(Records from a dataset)
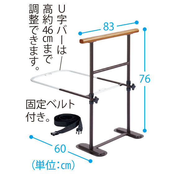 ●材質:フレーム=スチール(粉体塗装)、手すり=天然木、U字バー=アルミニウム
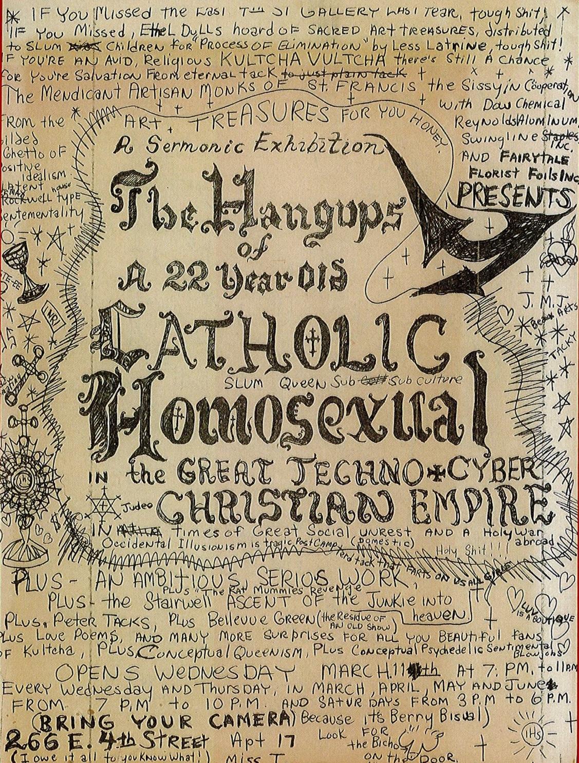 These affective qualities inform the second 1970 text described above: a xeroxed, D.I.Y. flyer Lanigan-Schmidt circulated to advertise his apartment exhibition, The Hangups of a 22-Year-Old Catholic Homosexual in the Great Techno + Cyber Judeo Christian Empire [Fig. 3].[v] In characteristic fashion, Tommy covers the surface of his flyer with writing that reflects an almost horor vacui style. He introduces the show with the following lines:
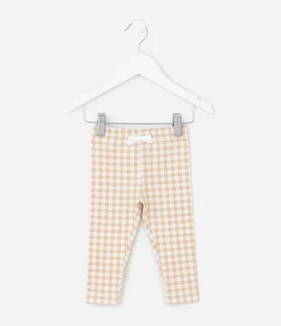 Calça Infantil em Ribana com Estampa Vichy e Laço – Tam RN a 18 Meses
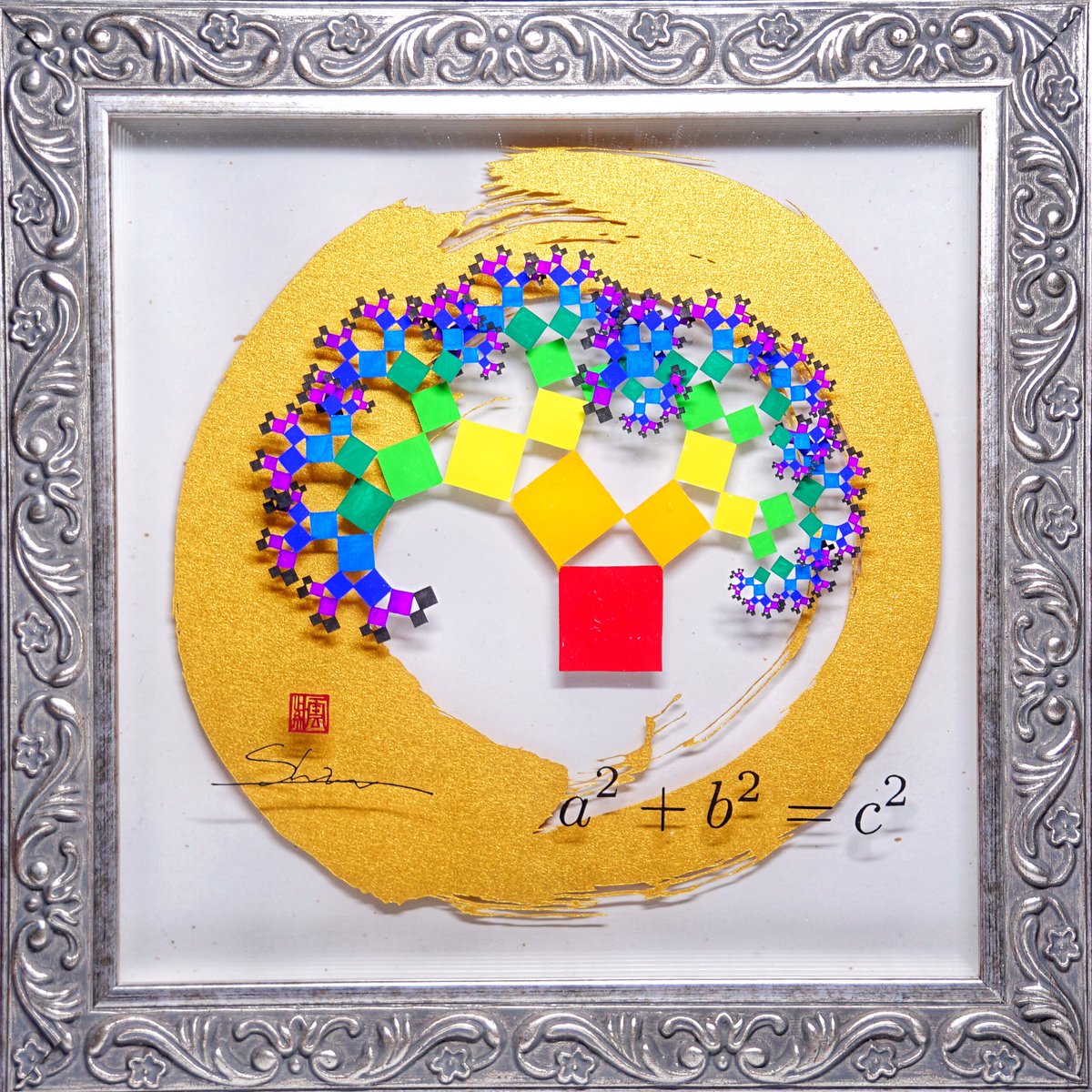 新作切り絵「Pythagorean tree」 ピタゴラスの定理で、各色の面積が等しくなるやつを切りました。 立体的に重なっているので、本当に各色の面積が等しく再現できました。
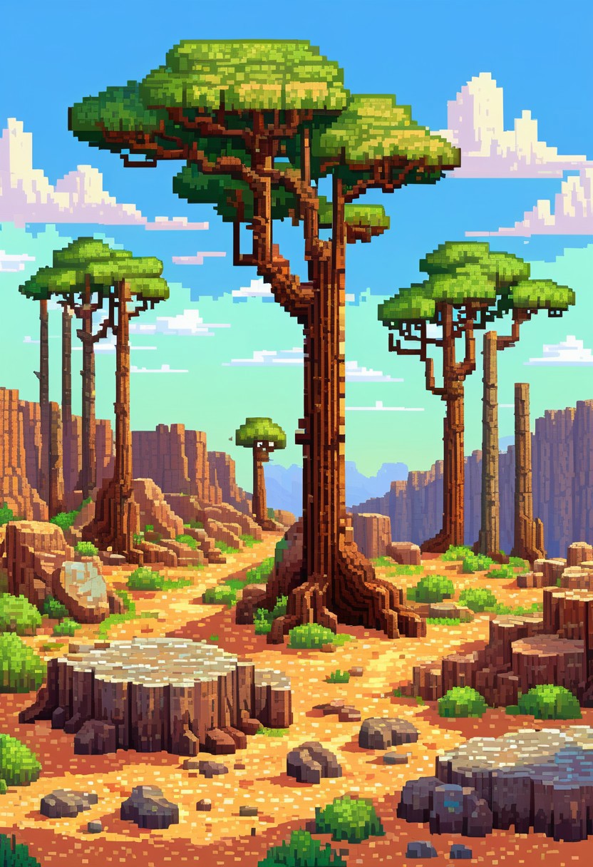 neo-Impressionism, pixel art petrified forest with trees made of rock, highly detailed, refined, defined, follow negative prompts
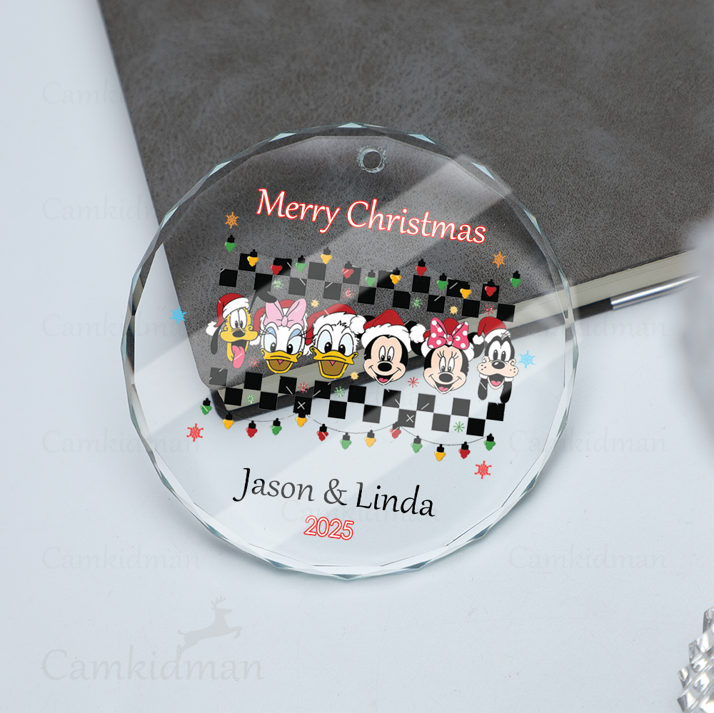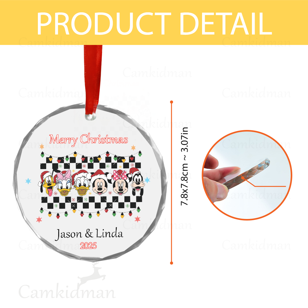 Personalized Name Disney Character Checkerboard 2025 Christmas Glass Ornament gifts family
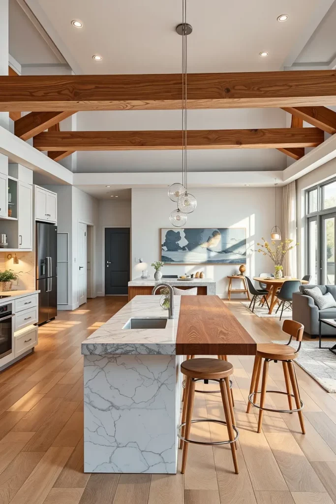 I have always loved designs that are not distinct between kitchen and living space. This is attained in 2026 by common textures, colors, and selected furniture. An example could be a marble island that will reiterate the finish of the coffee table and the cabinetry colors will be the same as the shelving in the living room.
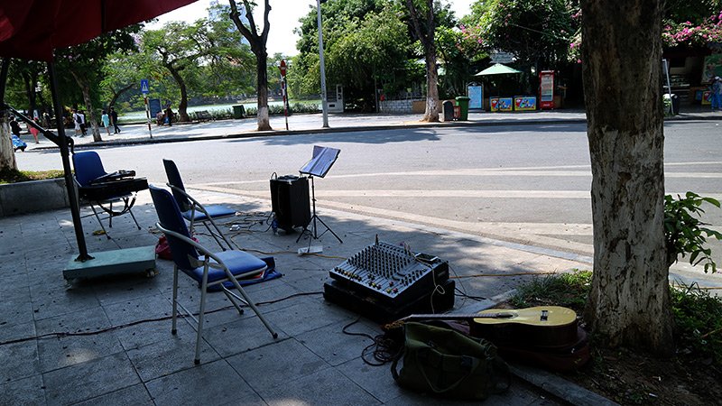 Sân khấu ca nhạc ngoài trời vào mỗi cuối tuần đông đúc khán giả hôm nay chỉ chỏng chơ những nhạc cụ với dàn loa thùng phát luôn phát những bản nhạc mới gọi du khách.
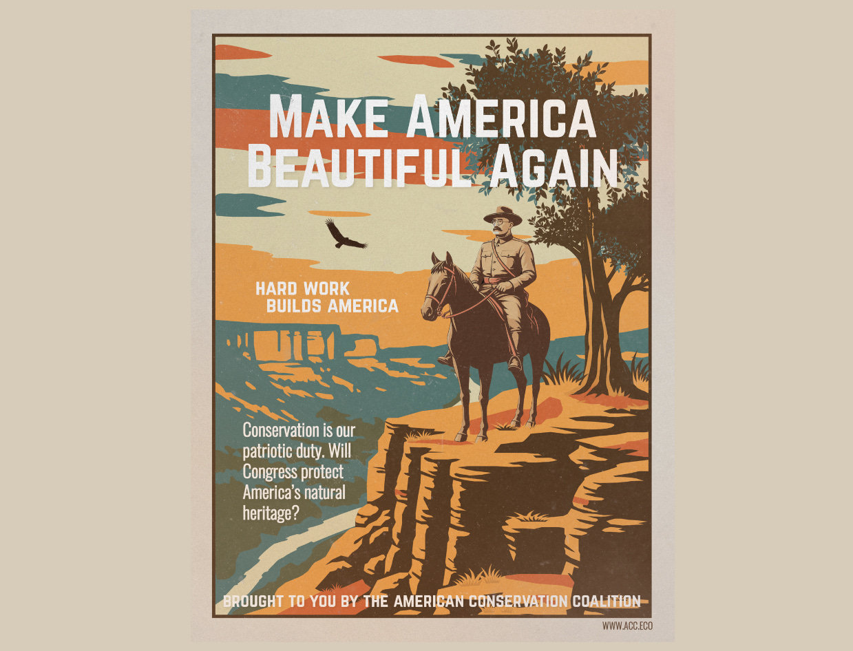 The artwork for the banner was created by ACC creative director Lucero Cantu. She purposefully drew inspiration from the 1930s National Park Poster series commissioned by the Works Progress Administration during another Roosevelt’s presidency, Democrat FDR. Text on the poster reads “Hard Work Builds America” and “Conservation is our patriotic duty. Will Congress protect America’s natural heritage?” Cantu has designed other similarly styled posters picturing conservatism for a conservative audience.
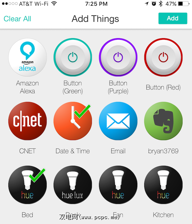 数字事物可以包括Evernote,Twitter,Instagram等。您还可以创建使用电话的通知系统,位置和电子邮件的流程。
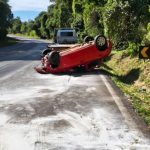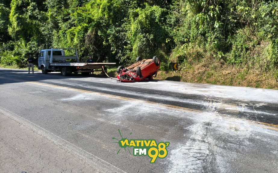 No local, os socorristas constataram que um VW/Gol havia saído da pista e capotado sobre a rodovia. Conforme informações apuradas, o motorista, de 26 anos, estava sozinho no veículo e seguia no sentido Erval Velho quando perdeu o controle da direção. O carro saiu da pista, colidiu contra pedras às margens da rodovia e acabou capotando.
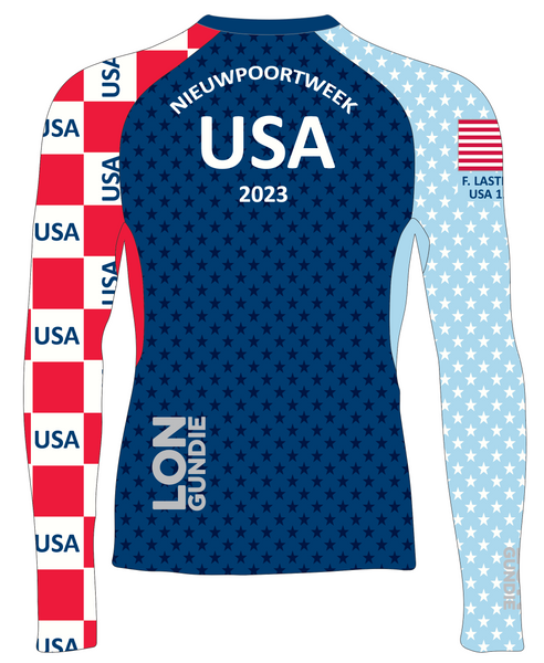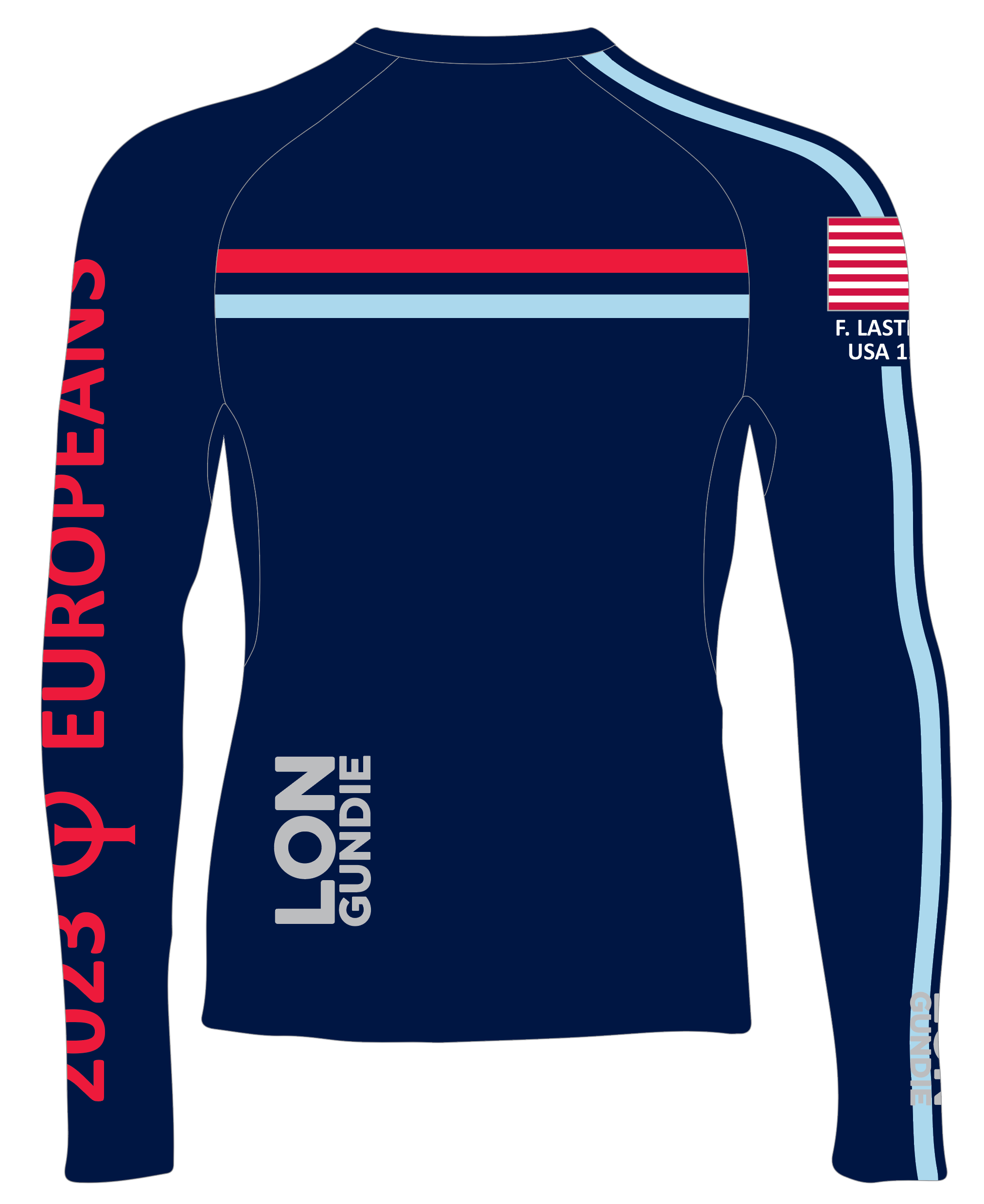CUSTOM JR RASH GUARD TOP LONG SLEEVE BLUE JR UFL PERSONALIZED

Work request: The output should consist of every entry above, printed exactly, with the images removed.

Response:
 ●材質:フレーム=スチール(粉体塗装)、手すり=天然木、U字バー=アルミニウム
 These affective qualities inform the second 1970 text described above: a xeroxed, D.I.Y. flyer Lanigan-Schmidt circulated to advertise his apartment exhibition, The Hangups of a 22-Year-Old Catholic Homosexual in the Great Techno + Cyber Judeo Christian Empire [Fig. 3].[v] In characteristic fashion, Tommy covers the surface of his flyer with writing that reflects an almost horor vacui style. He introduces the show with the following lines:
 Calça Infantil em Ribana com Estampa Vichy e Laço – Tam RN a 18 Meses
 新作切り絵「Pythagorean tree」 ピタゴラスの定理で、各色の面積が等しくなるやつを切りました。 立体的に重なっているので、本当に各色の面積が等しく再現できました。
 neo-Impressionism, pixel art petrified forest with trees made of rock, highly detailed, refined, defined, follow negative prompts
 Personalized Name Disney Character Checkerboard 2025 Christmas Glass Ornament gifts family
 I have always loved designs that are not distinct between kitchen and living space. This is attained in 2026 by common textures, colors, and selected furniture. An example could be a marble island that will reiterate the finish of the coffee table and the cabinetry colors will be the same as the shelving in the living room.
 Sân khấu ca nhạc ngoài trời vào mỗi cuối tuần đông đúc khán giả hôm nay chỉ chỏng chơ những nhạc cụ với dàn loa thùng phát luôn phát những bản nhạc mới gọi du khách.
 The artwork for the banner was created by ACC creative director Lucero Cantu. She purposefully drew inspiration from the 1930s National Park Poster series commissioned by the Works Progress Administration during another Roosevelt’s presidency, Democrat FDR. Text on the poster reads “Hard Work Builds America” and “Conservation is our patriotic duty. Will Congress protect America’s natural heritage?” Cantu has designed other similarly styled posters picturing conservatism for a conservative audience.
 数字事物可以包括Evernote,Twitter,Instagram等。您还可以创建使用电话的通知系统,位置和电子邮件的流程。
 No local, os socorristas constataram que um VW/Gol havia saído da pista e capotado sobre a rodovia. Conforme informações apuradas, o motorista, de 26 anos, estava sozinho no veículo e seguia no sentido Erval Velho quando perdeu o controle da direção. O carro saiu da pista, colidiu contra pedras às margens da rodovia e acabou capotando.
CUSTOM JR RASH GUARD TOP LONG SLEEVE BLUE JR UFL PERSONALIZED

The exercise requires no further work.